Yosi Faur contends that the Rambam (Maimonides) discovered this objective aspect of Torah, and all his opponents were off the true path.
(My feeling is that the Rambam together with the other "Rishonim" (people from the Middle Ages that wrote either commentary on the Talmud or Halacha books) form a seamless whole.)
At first the Rambam seems to stand on his own, but then little bugs in the system start to creep in. It looks to me that Yosei Faur was trying to make out like that the Rambam/Maimonides found the absolute truth of the universe, and he writes very convincingly in this direction.
At first I was convinced by Yose Faur. But that is me. I find myself always between great charismatic leaders that are very convincing. It takes me a long time to step back and to try to consider things from a rational point of view.
After some time I looked at the original essay of Yosi Faur and I discovered what you can see in a lot of religious writing--they sound very convincing about subjects you know nothing about, but then when it gets to a subject you know something about their supposed genius falls apart. (But I admit this does not happen with the Rambam or Tosphot, or the Torah itself. For me the deeper I go into these things, the better they become.)

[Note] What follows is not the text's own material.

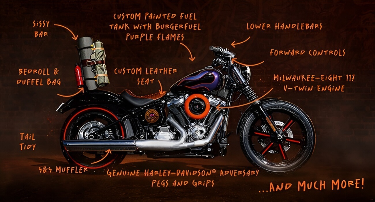 Valued at over $40K The Getaway is a Harley-Davidson® Street Bob™ Softail and features some sweet modifications listed below, plus, you'll also score a year’s worth of BurgerFuel, a subscription to Submachine magazine and Harley-Davidson® merch.
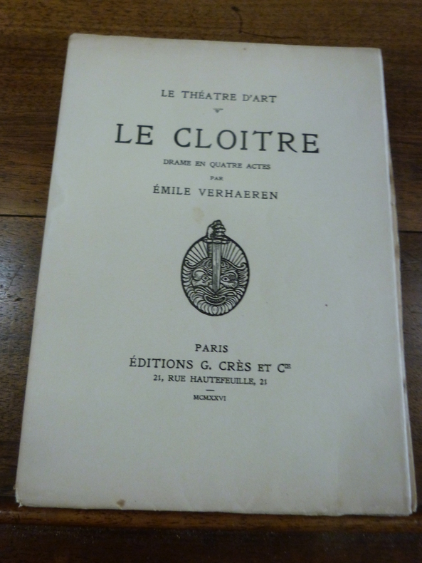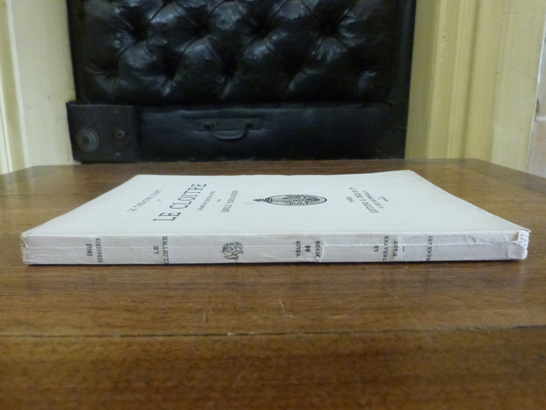 Édition décorée de compositions originales dessinées et gravées sur bois par René Pottier. Tirage à 1100 exemplaires. Un des 1055 exemplaires sur papier vélin de Rives (n° 630). Le Cloître a été représenté pour la première fois à Bruxelles, au Théâtre du Parc, le 20 février 1900, et ensuite à Paris, sur la scène du Théâtre de l'Œuvre, le 8 mai suivant. Notre reliure, signée "G. Auger" pourrait être l'œuvre de l'illustrateur et graveur Gaston Auger-Stève, membre de la Société des Artistes indépendants.

But my claim is that no one person discovered the real Torah. And that true Torah observance is not person based, and not even text based, but rather God based.
Also my final contention is that one should be like a hound dog with his nose to the ground. That is after one has read and learned Torah and the Talmud, then one should look at the individual questions that come before him. I.e. the big picture is not just too big, but distracting. People that learn Halacha (Law) or Kabalah forget how to be simple decent human beings.
Moral obligations (that is, the facts that we ought to act in certain ways) should be self-evident. But we need the holy Torah because though the principles of Torah should be self evident, most people allow considerations (of what social group they want to fit in with) to cloud their judgment about what is moral.